А вскоре прибыл к нему в дивизию служить «баламут» Канашов. Русачев скрепя сердце терпел его начинания, он боялся, что этот «новатор» подведет его. И в то же время понимал: зажимать новое, что вводил Канашов в боевую подготовку и обучение войск, нельзя. Не раз он пытался разобраться, кто же такой Канашов: карьерист, ищущий только служебных успехов, или действительно деловой командир с творческими наклонностями? Он не мог отказать Канашову в его неиссякаемой энергии, умении видеть важное, но в то же время он считал себя обязанным сдерживать его «необузданные желания и порывы».
Первое время он был убежден, что Канашову с ним тягаться трудно. Ведь у него, Русачева, за плечами многолетняя армейская служба, боевой опыт гражданской войны и у командования он на хорошем счету, его ценили, ему доверяли, считали одним из опытнейших командиров.
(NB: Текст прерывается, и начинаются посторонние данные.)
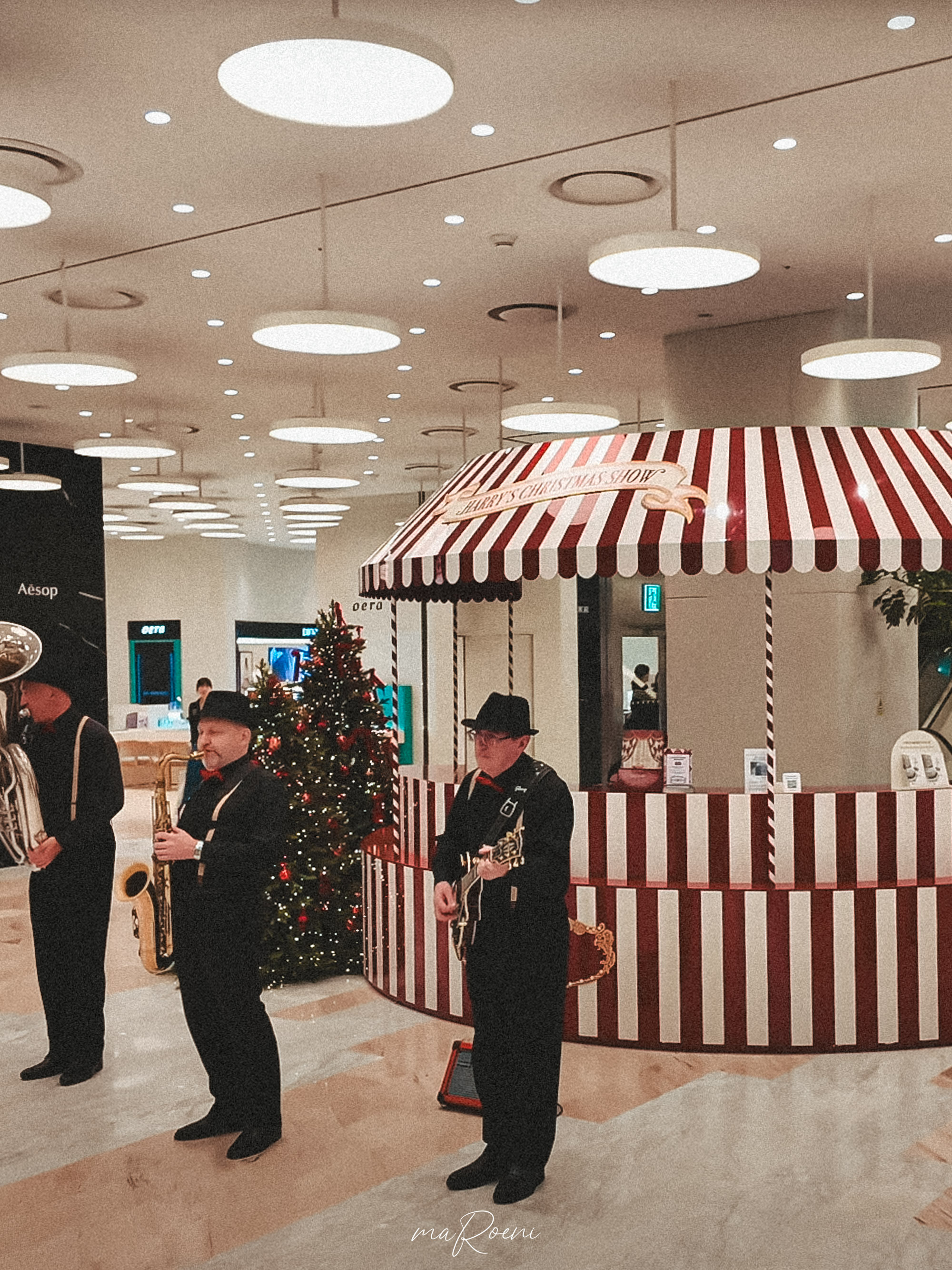 모든 현대백화점이 그런지는 모르겠는데, 저희집 근처 현대백화점에서는 더현대 서울 크리스마스 빌리지의 축소판을 경험해볼 수 있었는데요. 저번달에 신발을 교환하러 갔을때 보니깐 약간 종이인형극..? 그런쪽 테마인 것 같았어요.
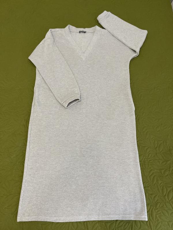 Трикотаж з люрексом, 2 кишені, вільна, V образний виріз. Без витачок. Мʼяка, зручна, просто ідеальна. Довжина 104, талія та стегна 108, груди 110, рукав 49 разом з манжетом, плече 18. Дуже гарно тягнеться.
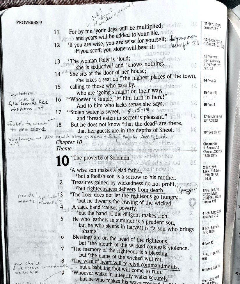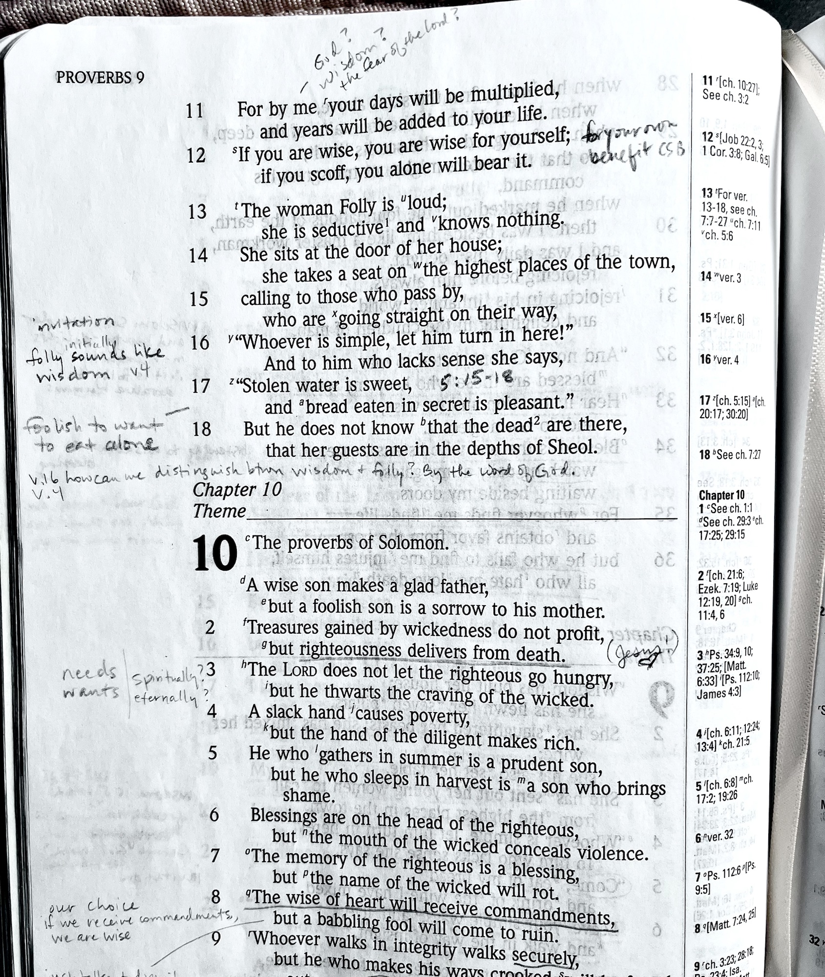 Note that in verse 18, we see that those who have listened to Folly have died. Her way ends up being the way to death, not life; she was not offering wisdom at all, even though she claimed to be. So it’s really important that we tell the difference between wisdom and folly!
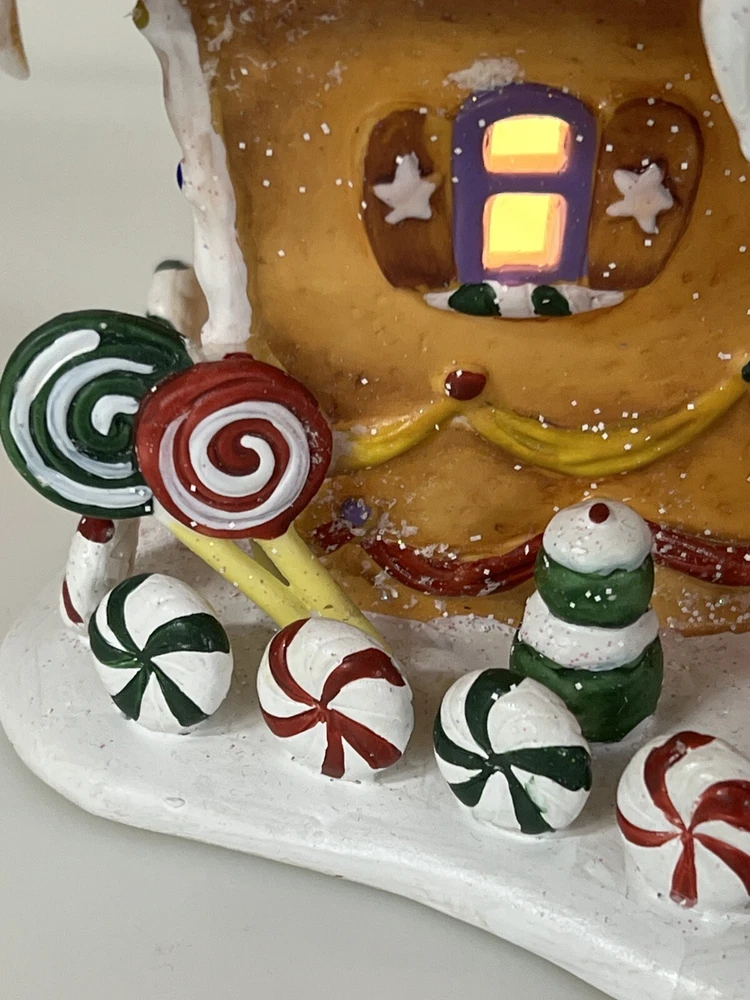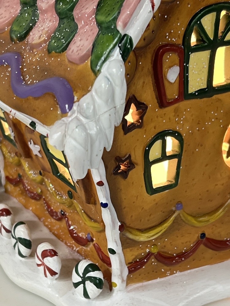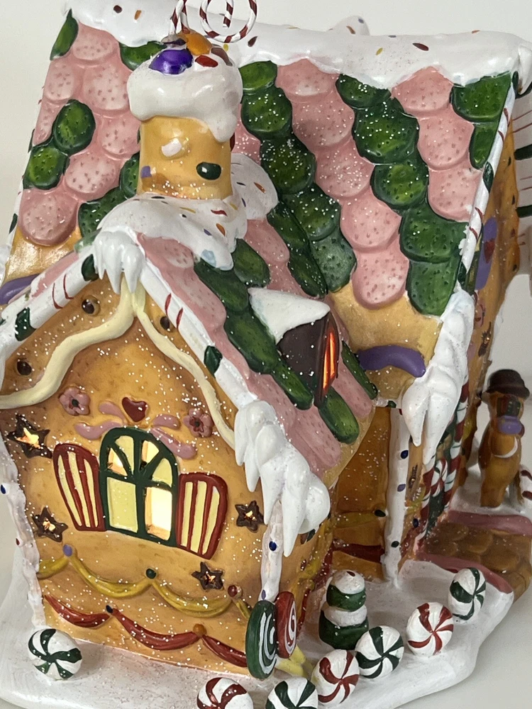 Holiday Time 2004 Village Collectibles Gingerbread House is a Medium-sized, hand-painted porcelain Christmas village piece. With a whimsical, Traditional style, it features an Asymmetrical shape with a 3D effect. This Limited Edition, Retired item is illuminated and has a textured finish, suitable for every day or seasonal display. Standing at 9 inches tall, it showcases a colorful, Multicolor design of a Gingerbread character. Perfect for any room, this collectible piece captures the festive Christmas theme. Beautiful piece , small repair on “ icicles “ on back corner of building, hard to see , picture # 3 . No original box , comes with light & cord Very good condition, very rare
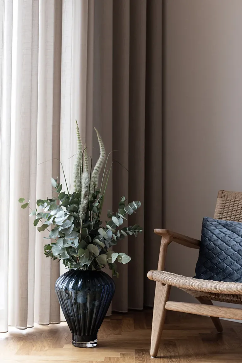 Evelyn Vasen er produceret i Europa og er mundblæst. Den mundblæste teknik er et gammelt og rigt håndværk, der er gået videre i generationer. Vi arbejder meget tæt sammen med vores produktion, for at kombinere vores moderne designs med deres traditionelle færdigheder. Vi omfavner den unikke proces og egenskaber ved produktionen – det betyder, at hvert produkt er unikt, og luftbobler og andre ufuldkommenheder er en del af produktionen, som vi elsker og værdsætter.
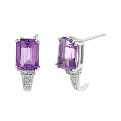 Genuine Amethyst And Diamond Accent 10k White Gold Earrings

А что перед ним Канашов? Командир хотя и не из молодых, но все же у него нет всех тех качеств, которыми обладал он.
Время шло, и Русачев начинал понимать, что весь его авторитет и особенно его опыт гражданской войны теряют свое былое значение, а сам он, не желая учиться, отстает от жизни. Впервые остро он почувствовал это с приходом в дивизию Канашова.
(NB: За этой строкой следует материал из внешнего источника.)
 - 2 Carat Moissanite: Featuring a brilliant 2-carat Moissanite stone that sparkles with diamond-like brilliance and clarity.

Прошлой осенью после тактических учений начальник боевой подготовки округа вызвал к себе Канашова и советовался с ним о причинах недостатков в проведенных учениях. Да и сейчас, несмотря на этот печальный случай во время учений, генерал признал подготовку полка хорошей. Это больно задело самолюбие Русачева. А на разборе учений генерал говорил о том, что некоторые большие начальники не готовятся серьезно к учениям и собираются руководить ими, как проезжий дирижер чужим, хорошо сыгранным оркестром. Русачев принял этот упрек в свой адрес.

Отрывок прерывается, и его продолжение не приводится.